(MATERIAL PROVIDED Opens)

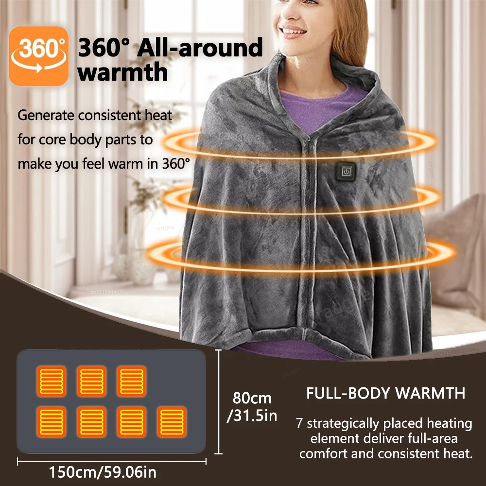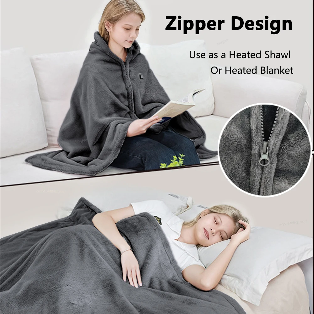 Ultra Fast Heating & Zippered Design:The portable heated blanket is made of updated heating technology and super soft fabric, fast heating in seconds. Our zippered design ensures a snug fit that won't slip off, allowing you to move freely while staying warm.
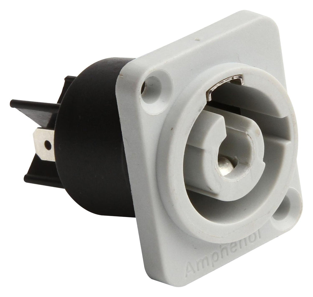 The HP-3-MDG from Amphenol is part of the HP Series of connectors suitable for AC power supply. Rated at 25A / 250VAC this 3 pole (2 + PE) chassis power connector is keyed and colour coded for power-out (Grey).
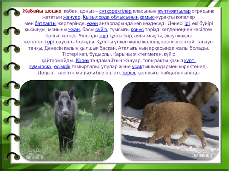 Слайд 7Жабайы шошқа, қабан, доңыз – сүтқоректілер класының жұптұяқтылар отрядына жататын жануар. Қызылорда облысының қамыс-құрақты қопалар мен батпақты жерлерінде, өзен аңғарларында көп кездеседі.
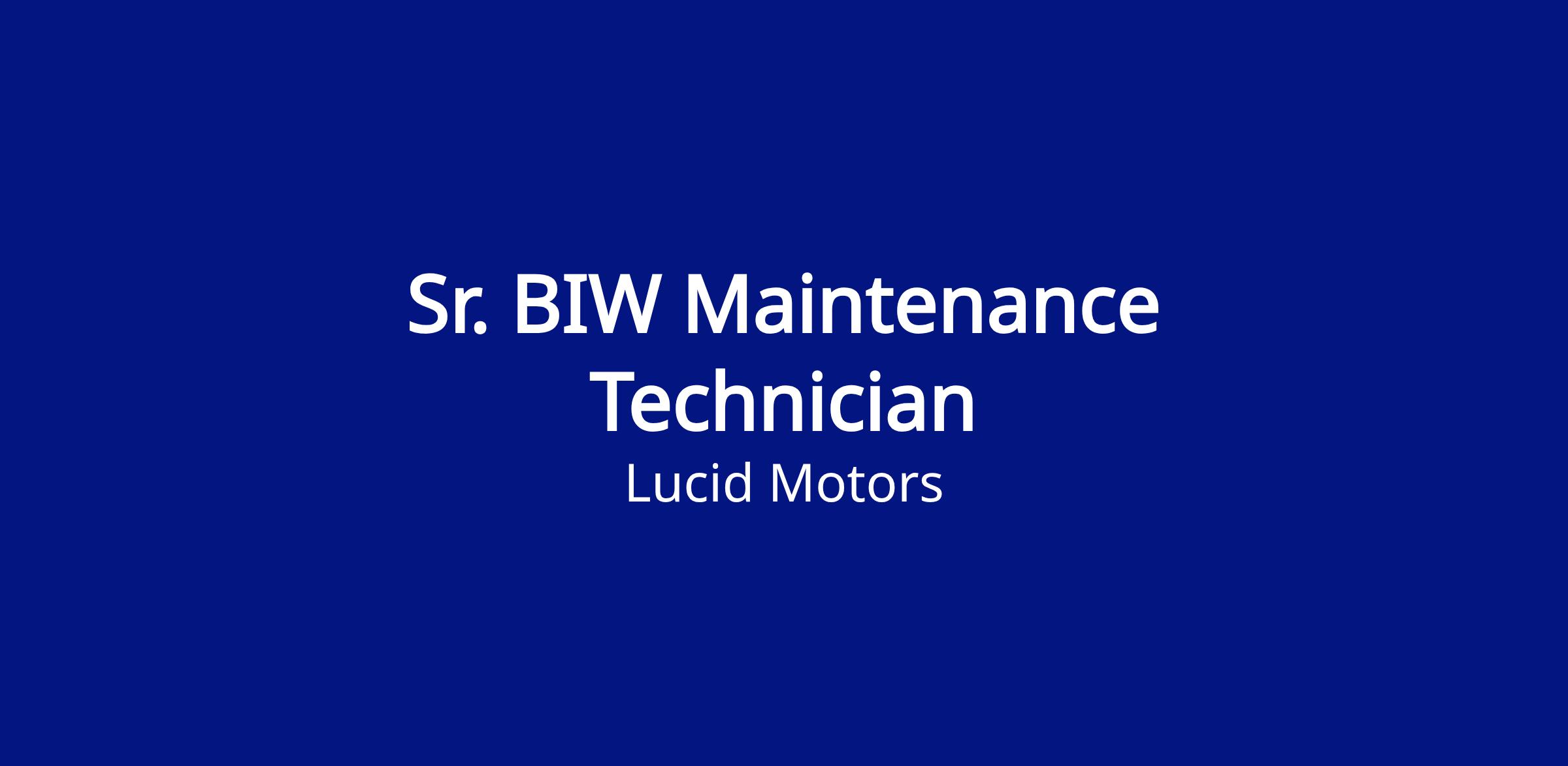 The Senior Maintenance Technician will work within the BIW team for the purpose of achieving a key result or group of aligned results. They must possess a general knowledge of mission critical directives and situations surrounding the building, process equipment, all areas inside the walls of the facility, lift assemblies, conveyors, etc. They must help to develop strategies to meet team and company goals. Reports to the various supervisors and managers throughout the production organization. The Technician must possess a working knowledge of standard automotive OEM process equipment, and related systems, be a problem solver, and be communicative and proactive in the execution of daily activities. Contribute to day-to-day operations and create reports to update the company in the event it is required. Must be able to perform under pressure, lead large teams, remain dynamic and understand urgency. The Technician must be able to practice teamwork and team building within our organization.

(MATERIAL PROVIDED Closes)

TASK TO CARRY OUT
Go through the data above and transcribe it in full, omitting any image.

TASK ANSWER
 Ultra Fast Heating & Zippered Design:The portable heated blanket is made of updated heating technology and super soft fabric, fast heating in seconds. Our zippered design ensures a snug fit that won't slip off, allowing you to move freely while staying warm.
 The HP-3-MDG from Amphenol is part of the HP Series of connectors suitable for AC power supply. Rated at 25A / 250VAC this 3 pole (2 + PE) chassis power connector is keyed and colour coded for power-out (Grey).
 Слайд 7Жабайы шошқа, қабан, доңыз – сүтқоректілер класының жұптұяқтылар отрядына жататын жануар. Қызылорда облысының қамыс-құрақты қопалар мен батпақты жерлерінде, өзен аңғарларында көп кездеседі.
 The Senior Maintenance Technician will work within the BIW team for the purpose of achieving a key result or group of aligned results. They must possess a general knowledge of mission critical directives and situations surrounding the building, process equipment, all areas inside the walls of the facility, lift assemblies, conveyors, etc. They must help to develop strategies to meet team and company goals. Reports to the various supervisors and managers throughout the production organization. The Technician must possess a working knowledge of standard automotive OEM process equipment, and related systems, be a problem solver, and be communicative and proactive in the execution of daily activities. Contribute to day-to-day operations and create reports to update the company in the event it is required. Must be able to perform under pressure, lead large teams, remain dynamic and understand urgency. The Technician must be able to practice teamwork and team building within our organization.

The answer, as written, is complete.